Dies sei wichtig, so Wesser, um der Pharmaindustrie das Abwerben zu erschweren. Wie hoch die Wechselquote tatsächlich ist, wird in Thüringen zwar nicht erfasst. Bundesweit haben sich jedoch laut Bundesärztekammer zwischen 2001 und 2009 insgesamt 9182 Medizinabsolventen.

Das entspricht einen Anteil von zwölf Prozent, nach dem Studium, das immerhin eines der kostspieligsten für den Staat ist, gegen den Arztberuf entschieden.

Allgemeinarzt, ein "überforderter Generalist"

Die Ursachen dafür finden sich zum Teil bei den Universitäten selbst, die zwar Schulmedizin auf höchstem Niveau vermitteln - über alltägliche Probleme in einer Praxis aber nur wenig.

Hier setzt das Mentorenprogramm an. Es sei Teil einer langfristigen Strategie gegen den Ärztemangel, erklärt Wesser. Würde jeder der etwa 230 Medizinabsolventen der Uni Jena jedes Jahr auch in Thüringen praktizieren, wäre der Mangel vom Tisch.

Es ist nicht das erste Projekt dieser Art im Freistaat. Das Institut für Allgemeinmedizin unter Professor Jochen Gensichen hat seinen Studenten bereits vor einem Jahr Hausärzte als Mentoren an die Seite gestellt.

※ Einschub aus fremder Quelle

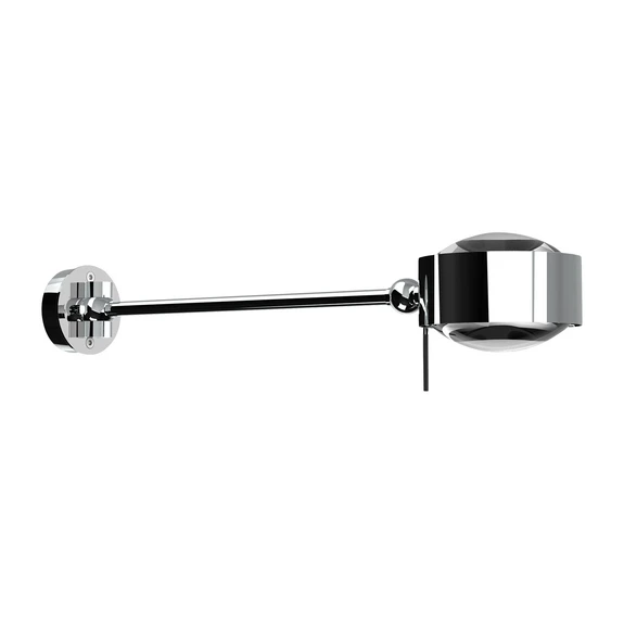 Puk Maxx Hotel LED wall light, swivelling and rotatable The PUK Maxx Hotel LED wall light impresses with its modern, simple design and high functionality. It provides an appealing Up and downlight that creates sharp-edged cones of light on the wall. This targeted lighting is made possible by the two clear Glas lenses, which are inserted into the metal housing at the top and bottom. The round head can be rotated and the graceful arm, which is attached to a discreet wall mount, can be swivelled, giving the wall lamp a high degree of flexibility. A small adjustment pin on the head makes it easy to adjust the alignment - Dimmable via trailing edge dimmer To give the lighting a colourful highlight, it is possible to place various colour filters under the lenses, which can be purchased as an option.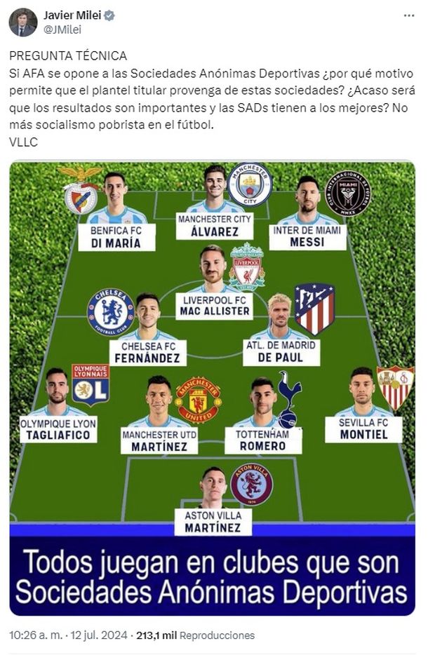“Pregunta técnica”, comenzó Milei casi con tono irónico en una publicación en su cuenta personal de X (antes Twitter), donde compartió una foto de la Selección argentina indicando el equipo del cual proviene cada jugador y una aclaración: todos juegan en clubes que son Sociedades Anónimas Deportivas.

Gerade in diesem Fachbereich ist die Skepsis sehr groß. Es herrscht das Klischee vom überforderten Generalisten. Das Programm der Ärztekammer ist nun für alle Fachbereiche angelegt.

Weitere Mentoren werden gesucht. Neben dem Einblick in den Berufsalltag sollen sie auch Fragen zur Studien- und Karriereplanung beantworten helfen. Die Vermittlung von Mentoren und Mentées organisiert die Landesärztekammer.

Im vergangenen Jahr waren 1702 Studierende in Thüringen im Fach Medizin eingeschrieben.